Recently a pre-print of article Efficient quantum algorithm for solving travelling salesman problem: An IBM quantum experience appeared. The authors use a phase estimation as a core for their algorithm. This part of the algorithm is used for a length calculation of a particular Hamiltonian cycle in TSP.
After that a minimization algorithm introduced in A Quantum Algorithm for Finding the Minimum is employed to find an actual soulution of TSP.
Briefly, the proposed algorithm work as follows:
Firstly a matrix $A$ containing distances among $N$ cities (i.e. element $a_{ij}$ is distance from city $i$ to city $j$) is converted to matrix $B$ which elements are $b_{ij} = \mathrm{e^{i a_{ij}}}$ in order to represent distances among cities as a phase. Note that $a_{ij}$ are normalized on interval $(0;2\pi)$.
After that, for each city a diagonal matrix $U^{(i)}$ is constructed. An element $u^{(i)}_{jj} = b_{ij}$ i.e. a distance from city $i$ to city $j$.
Then a final operator $U = U^{(1)}\otimes U^{(2)} \otimes \dots \otimes U^{(N)}$ is constructed. The matrix $U$ is diagonal hence its eigenvectors are vectors constituing z-basis (or standard basis) and respective eigenvalues are diagonal elements of the matrix. Because of approach how $U$ is constructed, $(N-1)!$ of $N^N$ diagonal elements contain length of all possible Hamiltonian cycles in TSP.
Each Hamiltonian cycle can be represented wiht eigenvector obtained followingly:
$$ |\psi\rangle = \otimes_{j} |i(j) - 1\rangle $$ for $j \in \{1\dots N\}$ and function $i(j)$ returns city $i$ we traveled to $j$ from. For example, consider four cities and cycle $1 \rightarrow 2 \rightarrow 3\rightarrow 4\rightarrow 1$. In this case
- $i(1) - 1 = 4 - 1 = 3$, so $|3_{10}\rangle = |11\rangle$
- $i(2) - 1 = 1 - 1 = 0$, so $|0_{10}\rangle = |00\rangle$
- $i(3) - 1 = 2 - 1 = 1$, so $|1_{10}\rangle = |01\rangle$
- $i(4) - 1 = 3 - 1 = 2$, so $|2_{10}\rangle = |10\rangle$
Hence $|\psi\rangle = |11 00 01 10\rangle$. Multiplication $U|\psi\rangle$ returns lenght of the Hamiltonian cycle.
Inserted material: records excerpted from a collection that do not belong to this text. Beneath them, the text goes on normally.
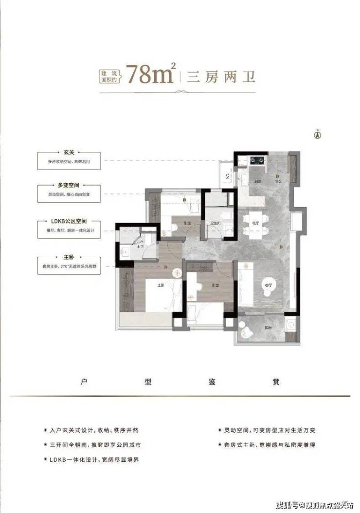 78㎡三房:总价250万起,LDKB一体化设计,套房式主卧,南向面宽达10米。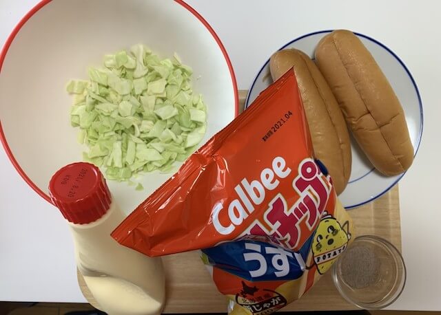 キャベツを大きめに切って、青のりと人参も用意したが、またもや写真を撮るのを忘れました。コッペパン・ポテチ(うす塩)・塩胡椒・マヨネーズで準備完了です。横須賀のパン屋さんにはいろいろな「ポテチパン」が売られてるようなのですが、人参なしだったり、キャベツなしのポテチだけをパンに挟んだりと、お店によって具材はさまざまらしい。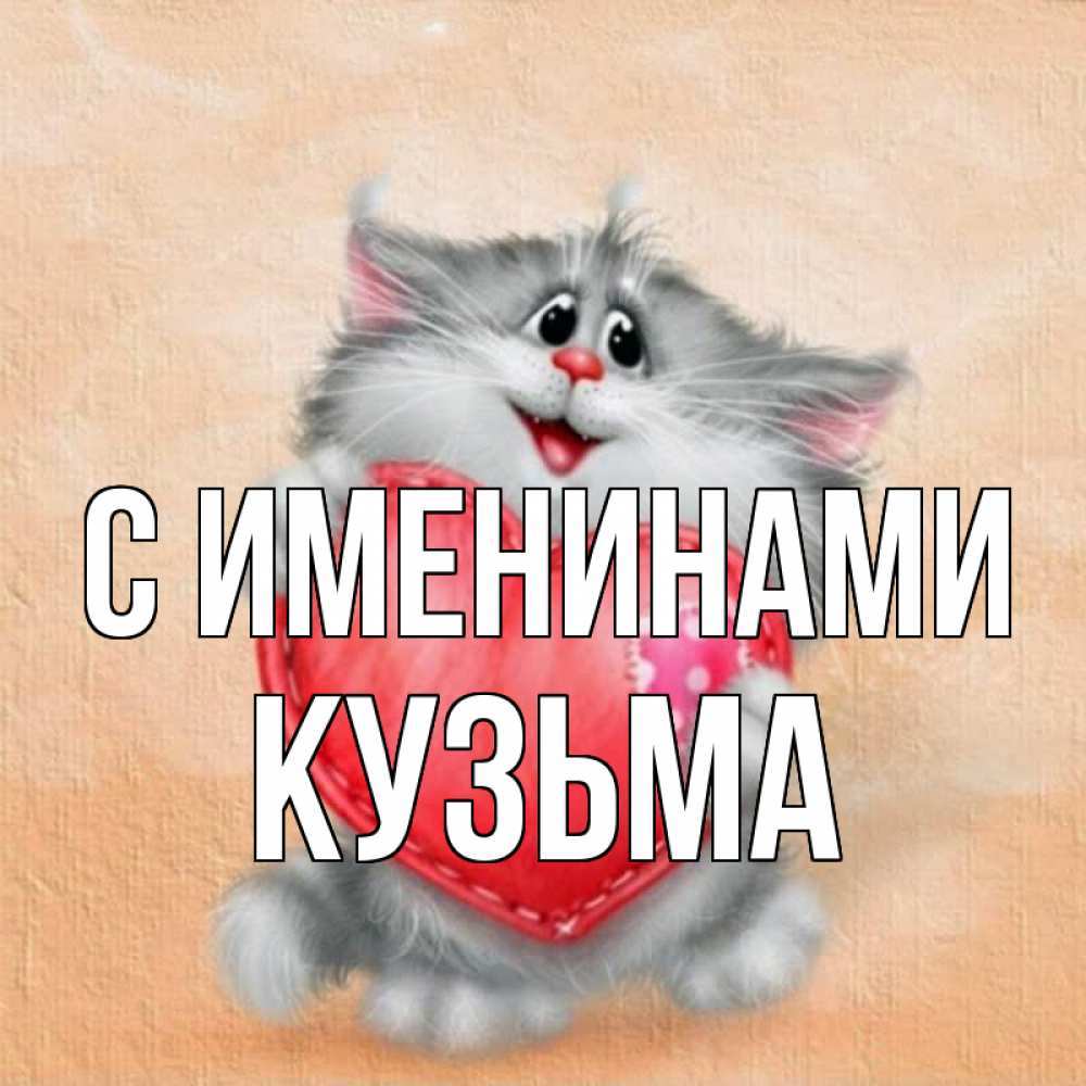Открытка С именинами Кузьма. для тебя пушистое чудо. сердце с заплаткой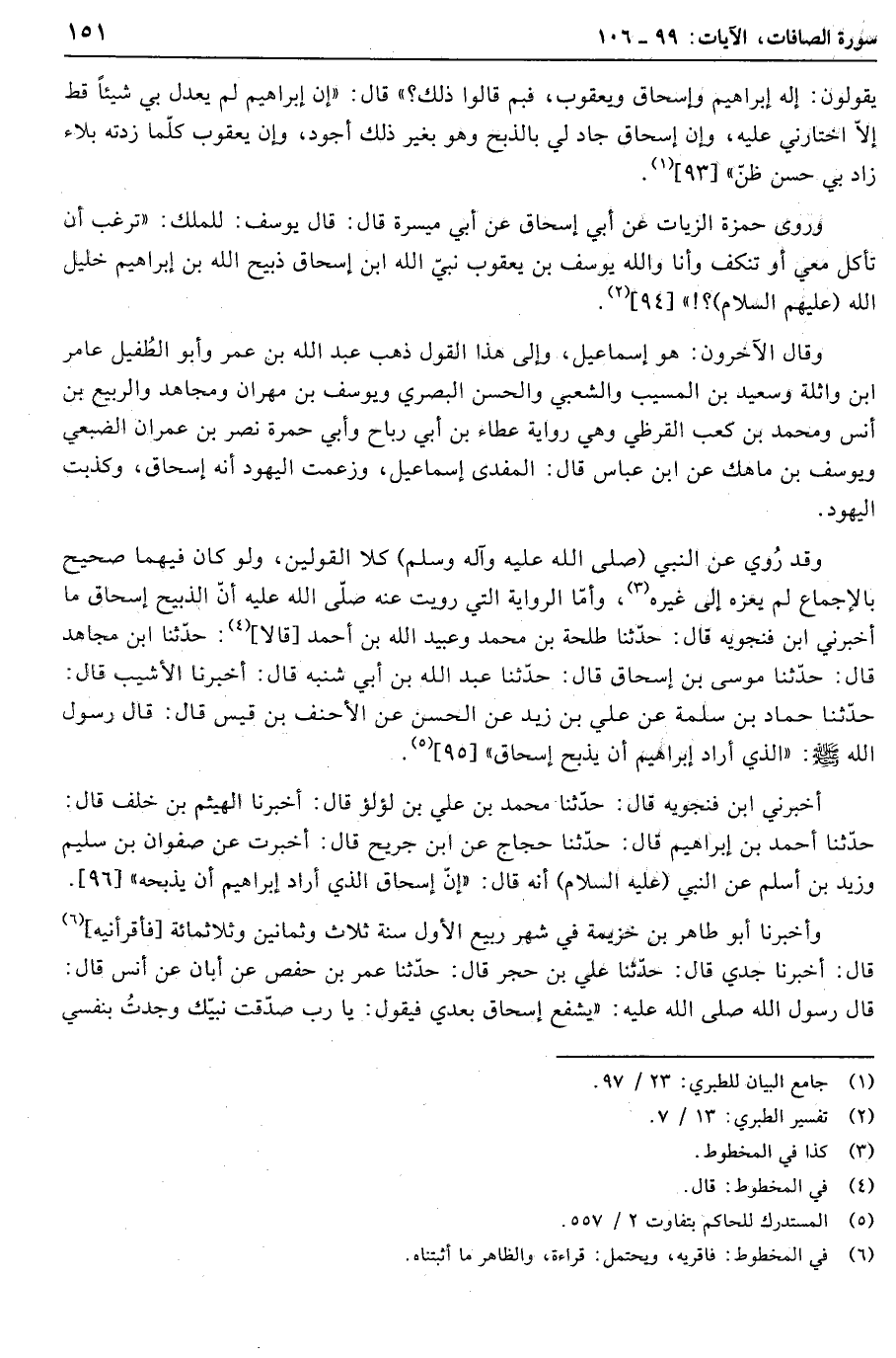 حدّثنا أحمد بن إبراهيم قال: حدّثنا حجاج عن ابن جريح قال: أخبرت عن صفوان بن سليم وزيد بن أسلم عن النبي (عليه السلام) أنه قال: «إنّ إسحاق الذي أراد إبراهيم أن يذبحه» [96] .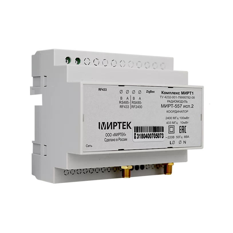 Координатор МИРТ-557 исп.2 предназначен для управления MESH-сетью в радиоканале 433 МГц и 2400 МГц. Обеспечивает прозрачный доступ к устройствам MESH-сети, а также позволяет управлять устройствами в автоматическом и ручном режиме. Использует полосу частот в диапазоне 433 МГц, имеет мощность 10 мВт; полосу частот в диапазоне 2400 МГц, имеет мощность 100 мВт, в связи с чем не требуется получение разрешений на использование радиочастот и оформление регистрации радиоэлектронных средств. Имеет два разъёма SMA для подключения выносных антенн на диапазон 433 МГц и 2400 МГц соответственно. Тип интерфейса координатора с аппаратурой проводного канала связи – два раздельных RS-485 для радиоканала 433 МГц и 2400 МГц соответственно.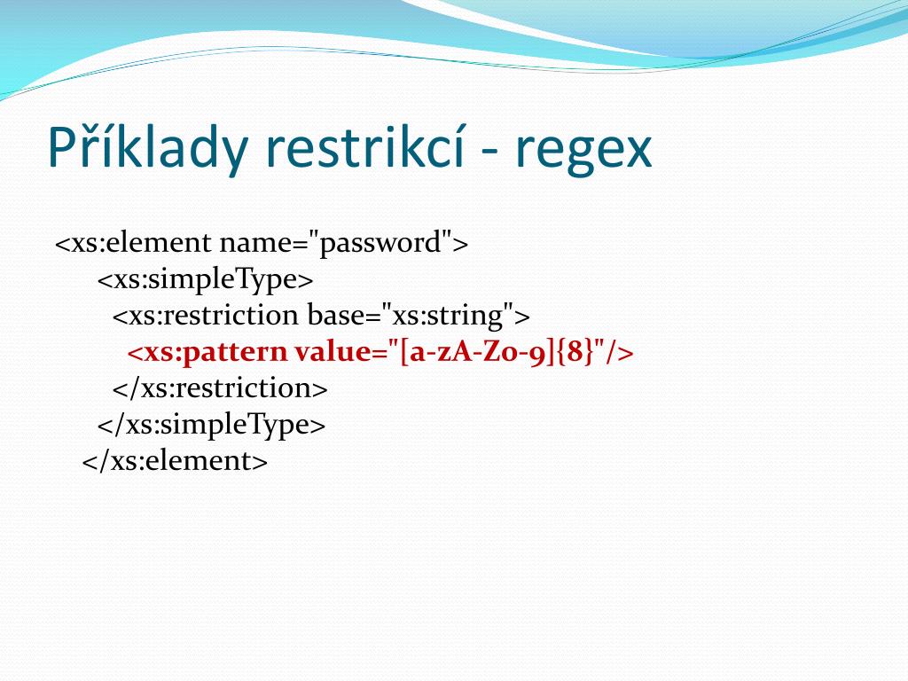 Příklady restrikcí - regex <xs:element name="password"> <xs:simpleType> <xs:restriction base="xs:string"><xs:patternvalue="[a-zA-Z0-9]{8}"/> </xs:restriction> </xs:simpleType></xs:element>

This setting allows to use phase estimation to get lenght of a cycle. Setting respective $\psi$ as an input to phase estimation leads after inverse Fourier transform to obtaining lenght of the cycle.
So far, I understand everything. However, the authors proposed:
We get the phases in form of binary output from phase estimation algorithm, then we can easily perform the quantum algorithm for finding the minimum [10] to find the minimum cost and the corresponding route that is to be taken for that particular cost.
Note that [10] is the second article I mentioned above.
Since the complexity of minimum finding is $\mathcal{O}(\sqrt{N})$ we get quadratic speed-up for TSP solving, so complexity of TSP would be $\mathcal{O}(\sqrt{(N-1)!})$. But if my understanding is correct, we need to have a table of all Hamiltonian cycles prepared before phase estimation and to prepare a quantum state which is superposition of all eigenstates describing these cycles.
But to prepare all cycles in advance will take $\mathcal{O}((N-1)!)$ time unless there is a faster algorithm for permutation generation.
So my questions are:
- Where does the speed-up come from if we need to have all Hamiltonian cycles in TSP listed in advance?
- Is there a quantum algorithm for preparing all permutation of set $\{1 \dots N\}$ faster than on classical computer?
Note: since the paper is a pre-print there are some mistakes, e.g. $d+c-a-b$ in equation (8) should be d-c+a-b. Figure S1 is not completed, moreover, there is a more efficient way how to implement $\mathrm{C-U^{(i)}}$ gate (avoiding Toffolis).